Он все-таки проговорил это вслух. Небеса, как ни странно, не разверзлись, гром не грянул, мир не рухнул. Терапевт не провалился в ужасе под землею и даже не воздел к небу руки. Он спокойно произнес:
- Что Вы имеет в виду, мистер Альдемар?
И Альдемара прорвало. Сказав самую первую, самую страшную фразу, он уже не мог остановится.
- Я не могу... Я потерял все... Весь мир был у моих ног, а сейчас я никто. Я не могу ничего. Я чувствую себя пустым мешком, из которого высыпалось все, даже мусор. Я не могу творить, не могу писать. Я ничего не чувствую, ничего не вижу... Меня нет. Я исчез.

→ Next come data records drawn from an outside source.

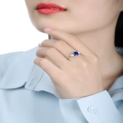Luxurious Oval Sterling Silver Inlay High Carbon Diamond Rings
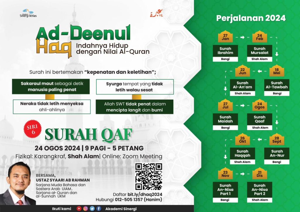 Antara yang bakal dikongsikan ialah tiga ayat yang menunjukkan suasana sirah di sebalik penurunan surah ini, hikmah susunan surah dalam mushaf, hikmah awalan dan akhiran, segmentasi surah sebagai sebuah perjalanan yang tersusun, kemudian apa keunikan diumumkan surah pada setiap segmen berkenaan.
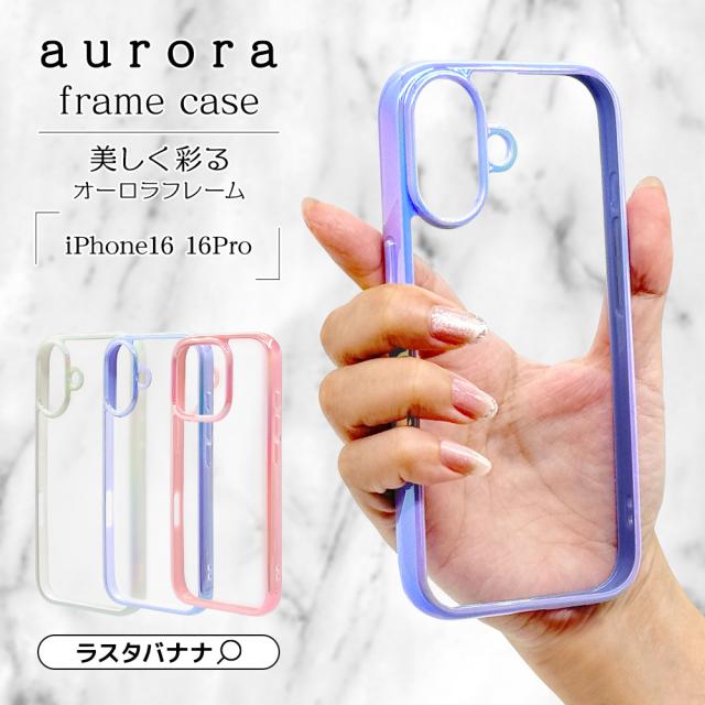 iPhone16 16 Pro ケース カバー ハイブリッド aurora 耐衝撃吸収 TPUバンパーケース オーロラフレーム ストラップホール ラスタバナナ

- Мистер Альдемар, не волнуйтесь так. В мире нет вещей, которые было бы невозможно исправить. Главное ведь знать, чего именно нужно исправлять, - карие невозмутимые глаза психотерапевта за стеклами очков в золотой оправе были по-прежнему профессионально спокойны и доброжелательны. - Расскажите мне о Вашем творчестве. Как это происходило?
Альдемар попытался расслабился, закрыл глаза, вспоминая.

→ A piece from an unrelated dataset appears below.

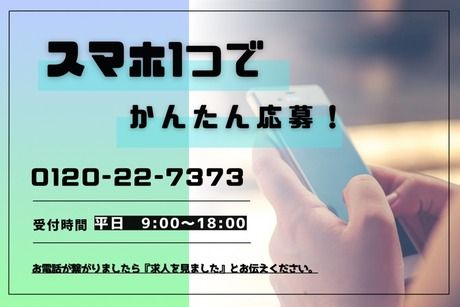 選考プロセス 面接(約30分) ※ご希望に合わせて電話面接もOK! ↓ 工場見学(約1時間) 実際に働いて頂く職場を自分の目で確認! ※工場最寄り駅から送迎、もしくは現地集合 ↓ 入社手続き(約1時間) 書類記入や入社前教育を行います ↓ ★入社★ 最短で1~1.5週間で入社が可能です。 入社日の調整も可能!面接時にご相談ください♪ 【問合せ先について】 問合せ先:0120-227-373 【お電話での応募はこちら】 0120-22-7373 応募受付センター (受付時間:平日9時~18時) 求人番号:ta-12163318 応募方法 応募するボタンをクリック ↓ 3営業日以内に弊社からメッセージまたは電話にて ご連絡をさせて頂きます。 メッセージのチェックをお忘れなく(*^^)v ※応募多数の場合は書類選考の可能性あり

- Вы знаете, я просто видел сюжет. Я никогда не выдумывал своих историй, я всегда знал, что будет и как будет, хотя никогда не знал, откуда. Знаете, такая дурацкая ассоциация... Это так глупо, по-детски... Мне казалось, что я заглядываю в какую-то волшебную комнату, а там лежат сокровища и я могу взять любое из них, вытащить на свет божий и оно засверкает, заблестит во всей красе. Я был богачом, я был хозяином этой комнаты, я мог ходить по ней, среди несметных сокровищ, копаться, выбирать. И когда я выносил что-либо наружу это наружу, к людям, показывал им, то мир ахал. А сейчас я потерял ключ от этой комнаты, да что там ключ! Я потерял саму комнату, я не знаю, где она. Стою в пустоте, оглядываюсь кругом и не вижу ни-че-го!
Альдемар схватил за свою кружку с напитком, судорожно глотнул. Элитный кофе, остыв, стал горьким и противным. Так же противно вдруг стало на душе у Альдемара. Зачем он притащился сюда? Какой помощи он ждет? Если исчезла какая-то божья искра, то тут никто и ничем уже не поможет. Какой позор, что он вообще здесь оказался, пусть бы лучше никто и ничего так и не знал, умирать надо гордо и в одиночестве, а не ползать на коленях в мольбах о спасении и помощи. Бежать немедленно! Прямо сейчас!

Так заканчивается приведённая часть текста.